How Hostinger Went From Weekend Chatbot Experiment to 1 Million AI Conversations a Month

When Hostinger's AI Tech Lead Mantas Lukauskas first experimented with neural networks over a weekend to see if they could answer customer questions, he had no product roadmap in mind—just curiosity. Five years later, that experiment has evolved into Kodee, an agentic AI assistant handling over one million customer conversations per month, with an automation rate that climbed from 50% in January 2025 to 85% today.
Lukauskas shared the full journey at DevSparks 2026 Bengaluru, speaking with YourStory in a session titled "From Chatbot to Agent: Building AI That Can Run Infrastructure." The story is a practical blueprint for any business trying to bridge the gap between AI experimentation and production-grade deployment.
The Three Lessons That Shaped Kodee
Hostinger's path from chatbot to agentic system surfaced hard-won lessons that apply broadly:
- Never rely on a single model provider. AI providers experience outages. Hostinger—handling around 200,000 customer chats per week—built fallback mechanisms using open-source models and cloud-based routing. A single-provider dependency is a single point of failure.
- Cost discipline matters as much as capability.
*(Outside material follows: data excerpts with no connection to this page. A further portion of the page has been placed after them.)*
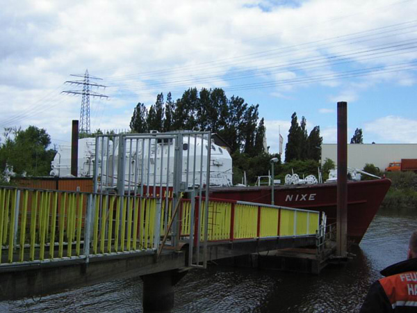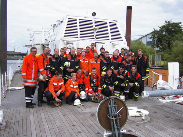 Am 21.06.03 führte die FF Hausbruch mit der FF Vierhöfen aus dem Landkreis Harburg zusammen eine Übung an der Landesfeuerwehrschule durch. Das Übungsobjekt war die ´Nixe´.
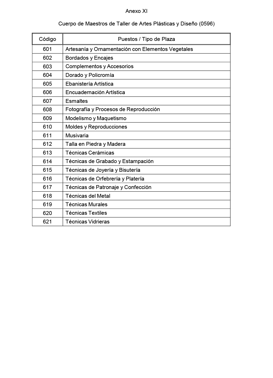- Cuerpo de Maestros de Taller de Artes Plásticas y Diseño.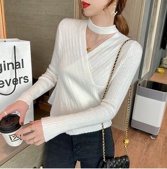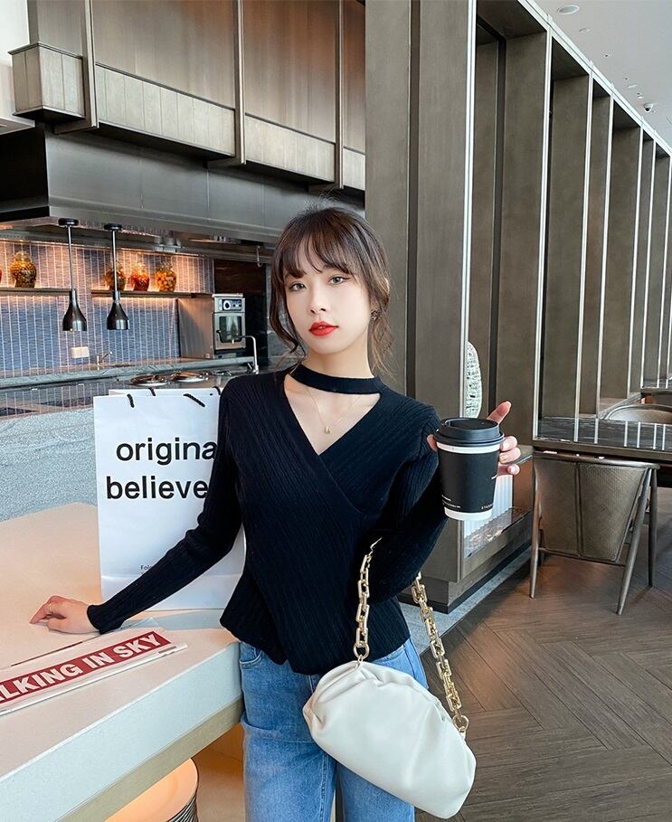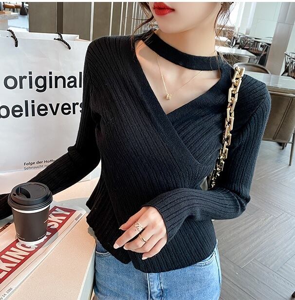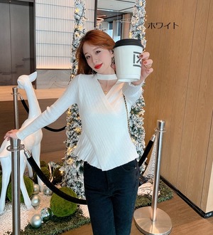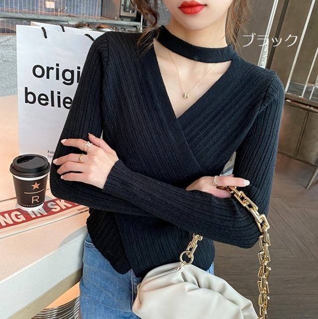 トップス レディース タイト リブニット ブラック ホワイト グレー モカ 4色 フリーサイズ オシャレ Vネック 長袖 チョーカー風ラップリブニット 無地ニット かわいい 大人可愛い きれいめ シンプル カジュアル 大人 上品 秋 冬 10代 20代 30代 40代 オフィス ビジネス OL 通勤 ファッション コーデ スタイル 送料無料
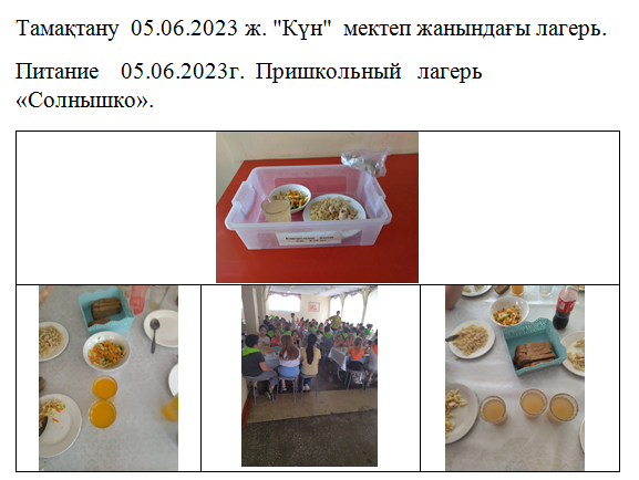 05 маусым 2023 0 1 2 3 4 5 Мәзір 05.06.2023. "Күн" мектеп жанындағы лагерь./// Меню на 05.06.2023г. пришкольного лагеря " Солнышко".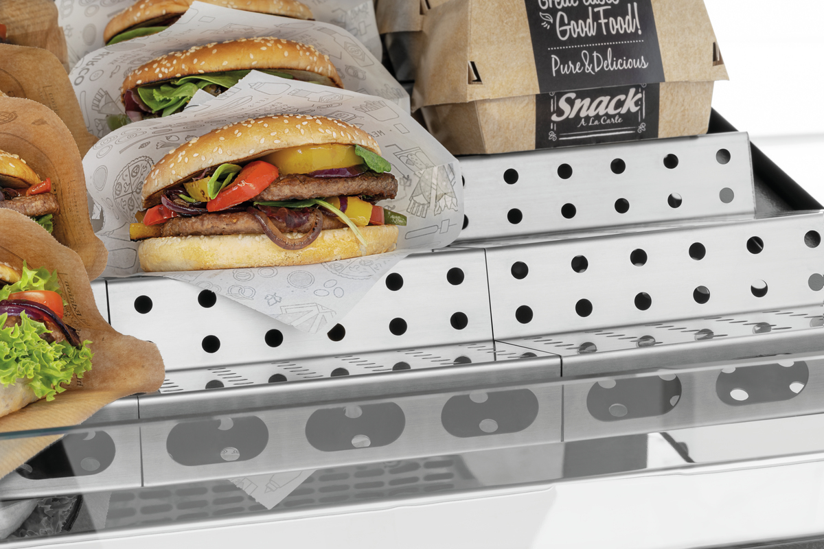 Le Gamechanger pour les heures de pointe au snack – avec la vitrine de maintien au chaud, les snacks préparés sont maintenus au chaud et peuvent être prélevés facilement. Grâce à l’éclairage LED, les snacks chauds sont mis en scène pour les clients de façon à promouvoir la vante.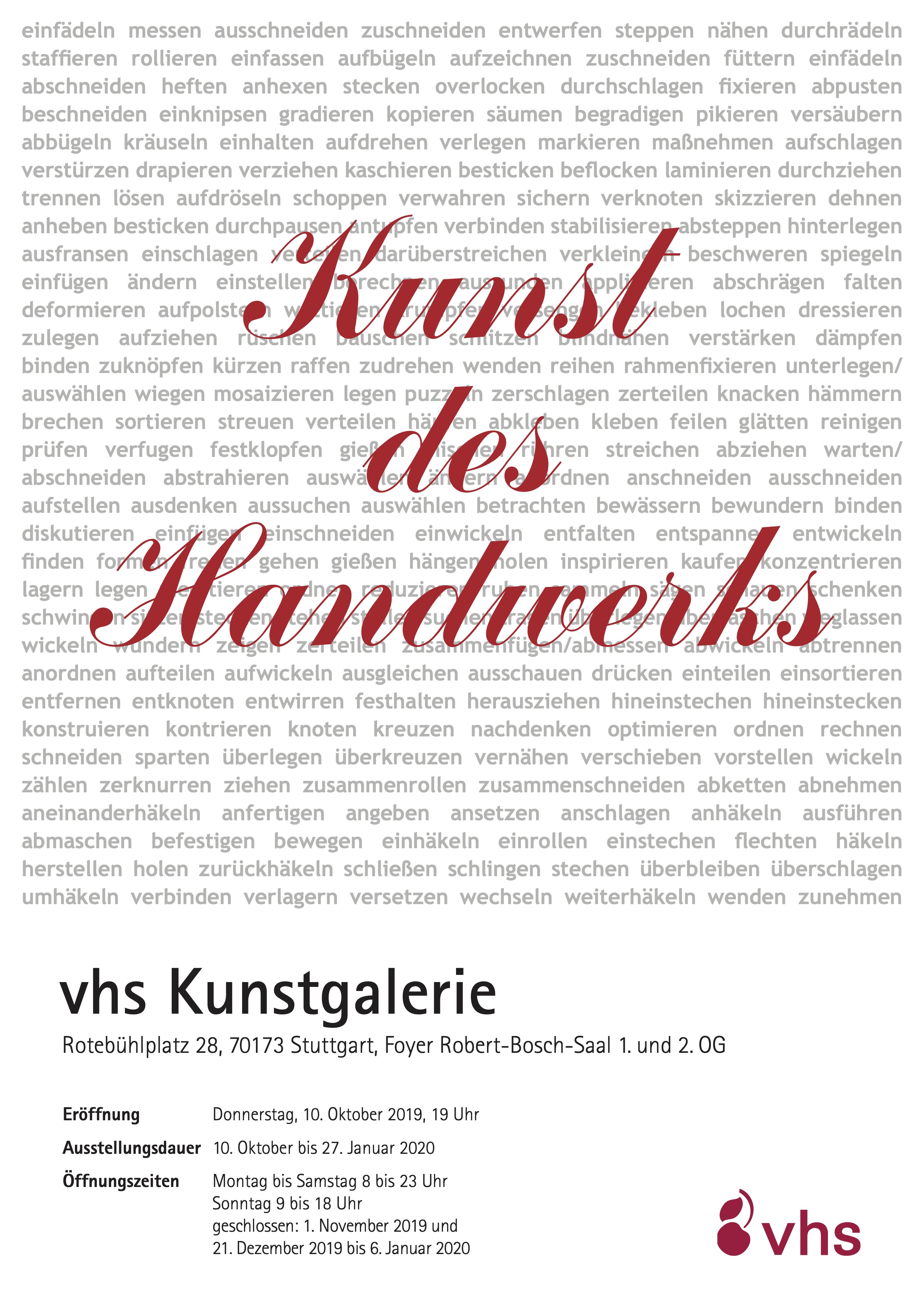 Zeigehandlungen vor Publikum in der leeren Galerie. Ausstellungseröffnung "Kunst des Handwerks", vhs Kunstgalerie im Rotebühlzentrum, 10.Okt.2019

Lukauskas was direct: "If you want to kill a fly, you don't need a bazooka." Not every interaction needs generative AI. Identifying which tasks don't require it is as important as identifying which ones do.
- Keep humans in the loop intentionally. Hostinger gave customers the option to escalate to a human agent from day one. Some companies rushed to remove human support entirely and had to reverse course. Hostinger framed AI as expanding customer options, not replacing them.
Key Takeaways
- Agentic systems can remember context, access external tools, and complete multi-step tasks—but successful deployment requires infrastructure, latency management, security governance, and benchmark evaluation, not just model selection.
- Hostinger uses large language models as automated evaluators, scoring Kodee's outputs on accuracy, tone, and brand alignment.
- The biggest barrier to AI adoption, Lukauskas argued, is not technical—it's hesitation. Modern tooling has lowered the barrier to building and launching a prototype to the point where getting started is the most important step.